So there is an iterative process of scanning bitcode files for dependencies.

To be able to support bitcode archives simplifies the process of adding LTO to
existing build system. For example, say, there is a Makefile that generates an
intermediate library libfoo.a that is compiled out of source files liba.cpp and
libb.cpp and is referenced in a source file a.cpp with

#pragma comment(lib, "foo").

Without LTO, running "make all" will put native object files liba.o and libb.o
into libfoo.a. With LTO, running "make all CFLAGS=-flto" will put bitcode files
liba.o and libb.o into libfoo.a; there would be no need to change the Makefile.

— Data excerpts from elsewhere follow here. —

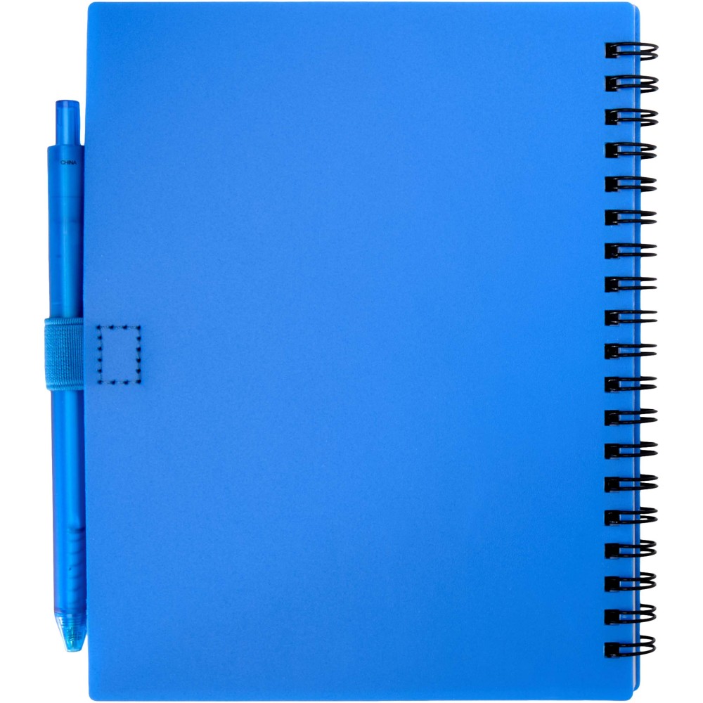 A Niove puhafedeles jegyzetfüzet újrahasznosított műanyagból készült, 70 darab, pontozott, 70 g/m2 papírlappal. A jegyzetfüzet sarkai lekerekítettek, és tolltartóhurokkal rendelkezik. Mérete: 140 × 178 mm. A golyóstoll szintén újrahasznosított műanyagból készült. Tollbetét színe: kék. Íráshossz: 1000 méter. Hegyméret: 1,0 mm.
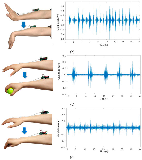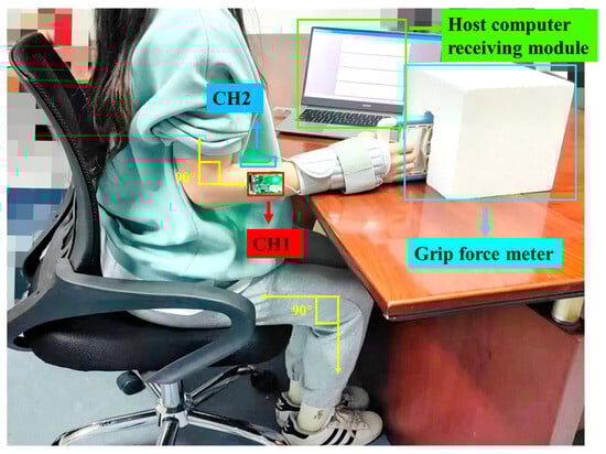 The following steps refer to the SENIAM guidelines [42]. After removing body hair, cleansing the skin with medical alcohol, and lightly scrubbing the skin, the surface electrodes were attached to the muscle belly of the muscle to be tested. The surface electrodes oriented as far as possible in the direction of the longitudinal axis of the muscle fibers. In general, due to possible differences in muscle activity patterns and electrode positions among individuals, it is necessary to place the reference electrode in a location that is far away from the target muscle, has the least risk of large common mode interference signals, and is relatively stable and minimally affected by movement. In accordance with the SENIAM guidelines and research [43], the dorsal side of the wrist was chosen as the reference electrode position for measuring sEMG signals from the forearm muscles. CH1 was attached to the ECRL and CH2 was attached to the FCR, as shown in Figure 6b. Verification of surface electromyography (sEMG) signal quality was achieved by observing the waveforms on the host computer after sensor placement.
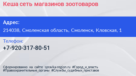 Кеша, сеть магазинов зоотоваров по адресу 214038, Смоленская область, Смоленск, Кловская, 1 в дальнейшем Организация, размещена в следующих категориях: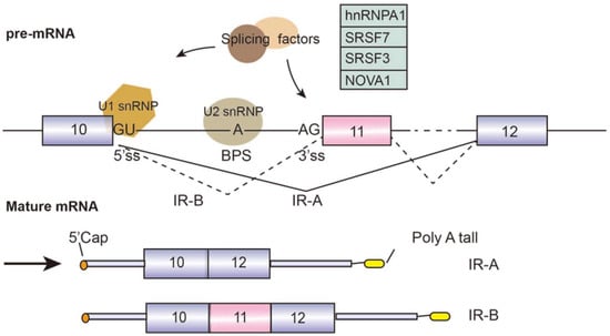 Diabetes mellitus (DM) is the most common metabolic disease, with a high incidence rate worldwide. About 422 million diabetes patients have been diagnosed worldwide. Type 1 DM is caused by excessive apoptotic of pancreatic β cells which secrete insulin, leading to the disruption of glucose uptake. Type 2 DM is induced by insulin resistance due to the lower activity of insulin receptor (IR) in the liver, skeletal muscle, and adipose tissues. The gene INSR, located on chromosome 19 and containing a total of 22 exons, encodes two isoforms IR-A and IR-B through alternative splicing events [34]. IR-B includes exon 11 during pre-mRNA splicing, whereas IR-A excludes it (Figure 4). Whether exon 11 is included depends on the recognition and activation of the exonic splicing enhancer (ESE) and exonic splicing silencer (ESS) on it. The ESE in exon 11 has been detected to bind to SRp20 and SF2/ASF, the inclusion of exon 11 is blocked when knockdown SF2/ASF, whereas, the inclusion of IR exon 11 is repressed by CUG-BP1 through interacting with ESS [35]. In terms of function, IR-B increases β cell survival by affecting the MAPK/ERK signaling pathway. Hence, it improves the expression level of SRSF1. It has been reported that some splicing factors are involved in the splicing of IR-B receptor, such as hnRNPA1, SRSF7 [36], SRSF3 [35], and NOVA1 [37]. In addition, the disruption of IR-A/IR-B ratio caused by alternative splicing can trigger diabetes and complications [38].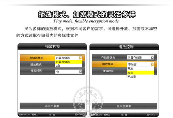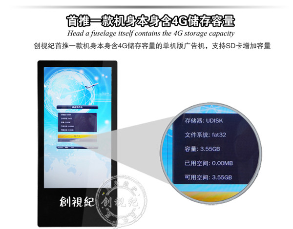 控制方式 | 通過U盤,SD卡播放播放 | 通過U盤,SD卡更新節目,直接將內容導入機器內存,(內置4G 內存)優點:客戶無需另配內存卡;拷貝速度快 | 通過電腦用網絡(支持有線,wifi,可選3G)連接廣告機,電腦后臺統一遠程控制、管理 |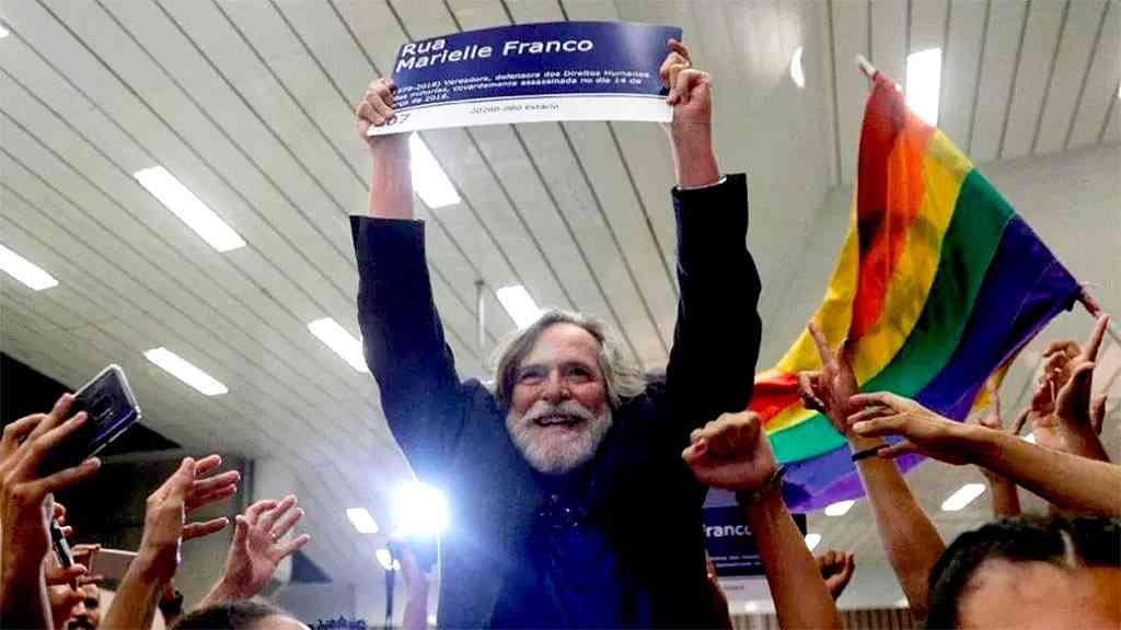 O autoproclamado José de Abreu chegou ao Brasil na noite do 8 de março e foi recebido por uma pequena multidão no aeroporto do Rio; segurou placa de Rua Marielle Franco e anunciou que vai viajar pelo Brasil, reeditando, de certa forma, a caravana de Lula antes de se tornar preso político.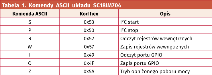 Dla sprawdzenia modułu należy zainstalować terminal portu szeregowego z możliwością wysyłania sekwencji znaków np. Realterm oraz źródło sygnału 24 V i kilka czujników Grove 3,3 V. Komunikacja z układem SC18IM704 odbywa się poprzez wysłanie polecenia w postaci komendy ASCII, zestaw rozpoznawanych komend został pokazany w tabeli 1. Komendy nierozpoznane są ignorowane. Układ ma wbudowany licznik time-out, który kasuje zawartość buforów, jeżeli odbiór kolejnych dwóch znaków zajmuje więcej niż 655 ms.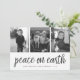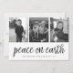Una tarjeta de vacaciones moderna y elegante diseñada para alojar tres de tus fotos favoritas alineadas una al lado de la otra en moda en blanco y negro. "Paz en la Tierra" aparece debajo de un guión de estilo manuscrito negro, con sus nombres y/o mensajes personales debajo. Las tarjetas cambian a un sutil patrón botánico de rama de olivo en gris claro y blanco.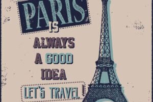 Vintage Touristic Greeting Card – Paris France. Vector illustration.

Secondly, the libraries referenced in pragma comment lib need to be added to
the input queue to be scanned immediately after the current file. So, for
example, the link order would be different if the library dependencies are
extracted from a merged, post-LTO, object.

rnk added a comment.Dec 26 2013, 11:48 AM

Interesting. This is essentially exposing the info that we would have put into the object file if we had generated one.

include/llvm/Target/TargetLoweringObjectFile.h
60 ↗(On Diff #6220)

This should return a StringRef.

lib/LTO/LTOModule.cpp
817 ↗(On Diff #6220)

Now _deplibs and _linkeropts hold pointers into global metadata. Is that OK? Is that metadata guaranteed to outlive LTOModule? Might be better to copy here.

ygao updated this revision to Unknown Object (????).Jan 7 2014, 3:30 PM

On Sun, Jan 5, 2014 at 4:08 PM, "Duncan P. N. Exon Smith" <dexonsmith@apple.com> wrote:

Thanks for the explanation; I understand the use case now.
LGTM, once you’ve satisfied Reid’s comments about string lifetime.
Duncan
P.S. Sorry for the long delay!

Hi Duncan, thanks again for the review! I only just came back from my vacation yesterday.

On Thu, Dec 26, 2013 at 11:48 AM, "Reid Kleckner" <rnk@google.com> wrote:

Interesting. This is essentially exposing the info that we would have put into the
object file if we had generated one.
================
Comment at: include/llvm/Target/TargetLoweringObjectFile.h:60
@@ +59,3 @@
+ /// option string. Returns NULL if the option does not specify a library.
+ virtual const char *getDepLibFromLinkerOpt(StringRef LinkerOption) const {

+ return NULL;

This should return a StringRef.

Comment at: lib/LTO/LTOModule.cpp:817
@@ +816,3 @@
+ getObjFileLowering().getDepLibFromLinkerOpt(Op))
+ _deplibs.push_back(DepLibName);

+ else if (!Op.empty())

Now _deplibs and _linkeropts hold pointers into global metadata. Is that OK? Is that
metadata guaranteed to outlive LTOModule? Might be better to copy here.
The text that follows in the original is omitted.